Record any observations you have in this document. ##linear regression model is maybe not appropriate for prob2.

  1. Calculate the correlation between x and y.
  2. Does the calculation indicate a strong linear relationship between x and y?
cor_prob1 <- cor.test(prob1$x, prob1$y, method = "pearson")
cor_prob1
## 
##  Pearson's product-moment correlation
## 
## data:  prob1$x and prob1$y
## t = -17.626, df = 73, p-value < 2.2e-16
## alternative hypothesis: true correlation is not equal to 0
## 95 percent confidence interval:
##  -0.9357108 -0.8455841
## sample estimates:
##        cor 
## -0.8998508
# cor = -0.899 (close to -1), and p-value 2.2e-16 indicating strong linear relationship

cor_prob2 <- cor.test(prob2$x, prob2$y, method = "pearson")
cor_prob2
## 
##  Pearson's product-moment correlation
## 
## data:  prob2$x and prob2$y
## t = 1.4204e-15, df = 23, p-value = 1
## alternative hypothesis: true correlation is not equal to 0
## 95 percent confidence interval:
##  -0.3951309  0.3951309
## sample estimates:
##          cor 
## 2.961786e-16
# cor = 2.961786e-16, and p-value 1 indicating weak relationship

cor_prob3 <- cor.test(prob3$x, prob3$y, method = "pearson")
cor_prob3
## 
##  Pearson's product-moment correlation
## 
## data:  prob3$x and prob3$y
## t = Inf, df = 48, p-value < 2.2e-16
## alternative hypothesis: true correlation is not equal to 0
## 95 percent confidence interval:
##  1 1
## sample estimates:
## cor 
##   1
# cor = 1 (perfect positive relationship), and p-value 2.2e-16 indicating a strong linear relationship

cor_prob4 <- cor.test(prob4$x, prob4$y, method = "pearson")
cor_prob4
## 
##  Pearson's product-moment correlation
## 
## data:  prob4$x and prob4$y
## t = 4.127, df = 52, p-value = 0.0001332
## alternative hypothesis: true correlation is not equal to 0
## 95 percent confidence interval:
##  0.2640820 0.6747383
## sample estimates:
##       cor 
## 0.4967192
# cor = 0.4967192, and p-value is 0.0001332 indicating a moderate linear relationship
  1. Normalize the x and y data, this means calculationg the z-score for each \(x_i\) and \(y_i\), it is possible to do this with one line of R code.

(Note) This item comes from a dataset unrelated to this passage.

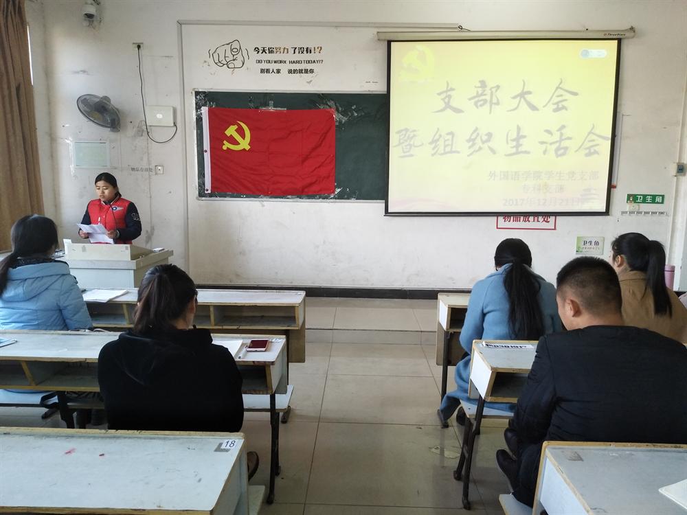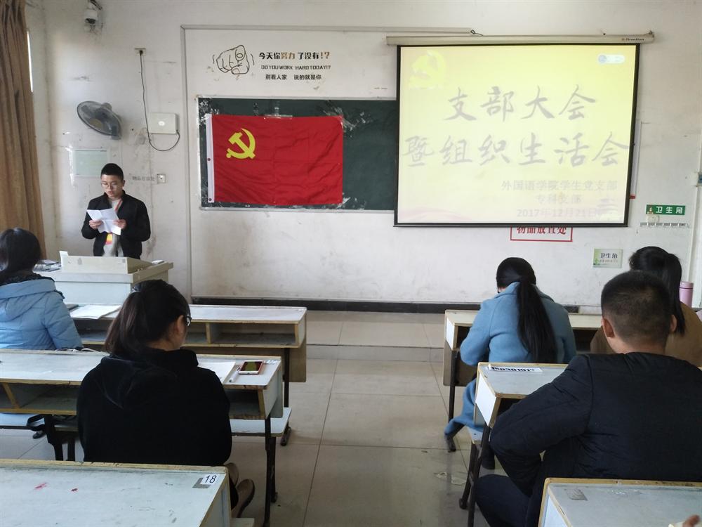为进一步发扬党的优良传统,保持党内同志思想的先进性,提高党员党性修养,充分发挥先锋模范作用,外国语学院学生党支部本科支部、专科支部于2017年12月21日中午12时40分分别在3304、3307教室召开支部大会暨组织生活会。

Hint the z-score of a vector of data, x, is the vector \(z\) given by \(z = \frac{x - \bar{x}}{s_x}\) where \(s_x\) is the standard deviation of \(x\).

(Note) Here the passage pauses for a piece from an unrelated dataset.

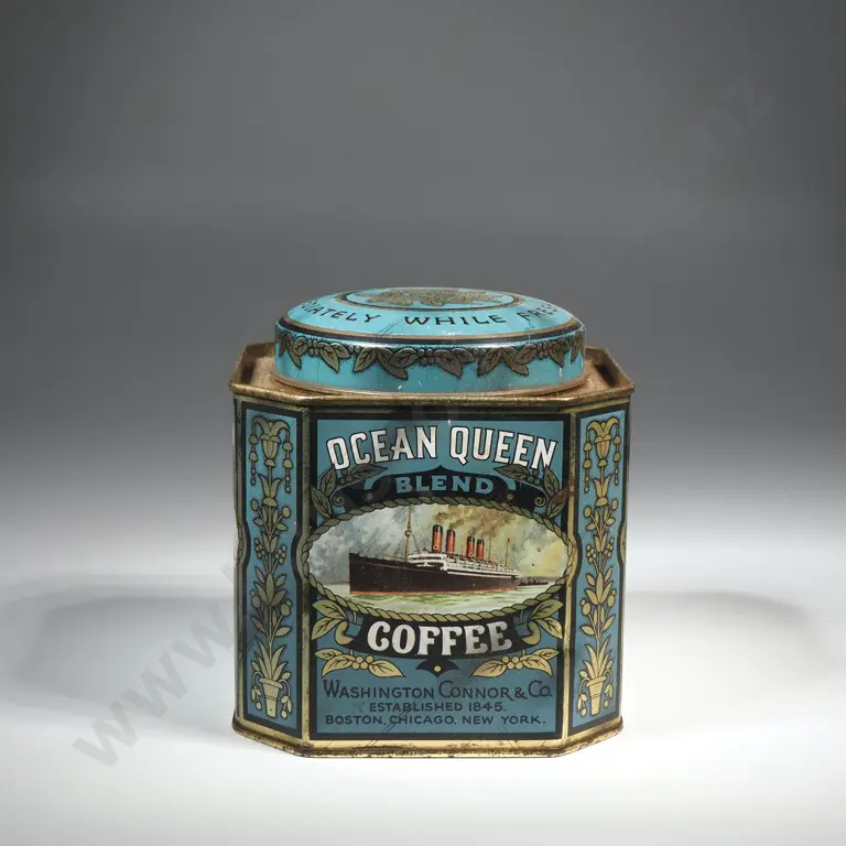 Vintage Ocean Queen Blend Coffee Tin Blended by Washington Connor & Co

normalize <- function(x) {
return ((x - min(x)) / (max(x) - min(x)))
}

prob1_norm <- normalize(prob1)
prob2_norm <- normalize(prob2)
prob3_norm <- normalize(prob3)
prob4_norm <- normalize(prob4)

prob1_norm
prob2_norm
prob3_norm
prob4_norm
  1. Using lm calculate the regression coefficients. What do you notice?
lm(x ~ y, prob1_norm)
## 
## Call:
## lm(formula = x ~ y, data = prob1_norm)
## 
## Coefficients:
## (Intercept)            y  
##       1.027       -1.006
lm(x ~ y, prob2_norm)
## 
## Call:
## lm(formula = x ~ y, data = prob2_norm)
## 
## Coefficients:
## (Intercept)            y  
##         0.5          0.0
lm(x ~ y, prob3_norm)
## 
## Call:
## lm(formula = x ~ y, data = prob3_norm)
## 
## Coefficients:
## (Intercept)            y  
##    1.57e-17     1.00e+00
lm(x ~ y, prob4_norm)
## 
## Call:
## lm(formula = x ~ y, data = prob4_norm)
## 
## Coefficients:
## (Intercept)            y  
##   -0.006963     1.311911

My normalized y coefficients are the same as the pre normalized data.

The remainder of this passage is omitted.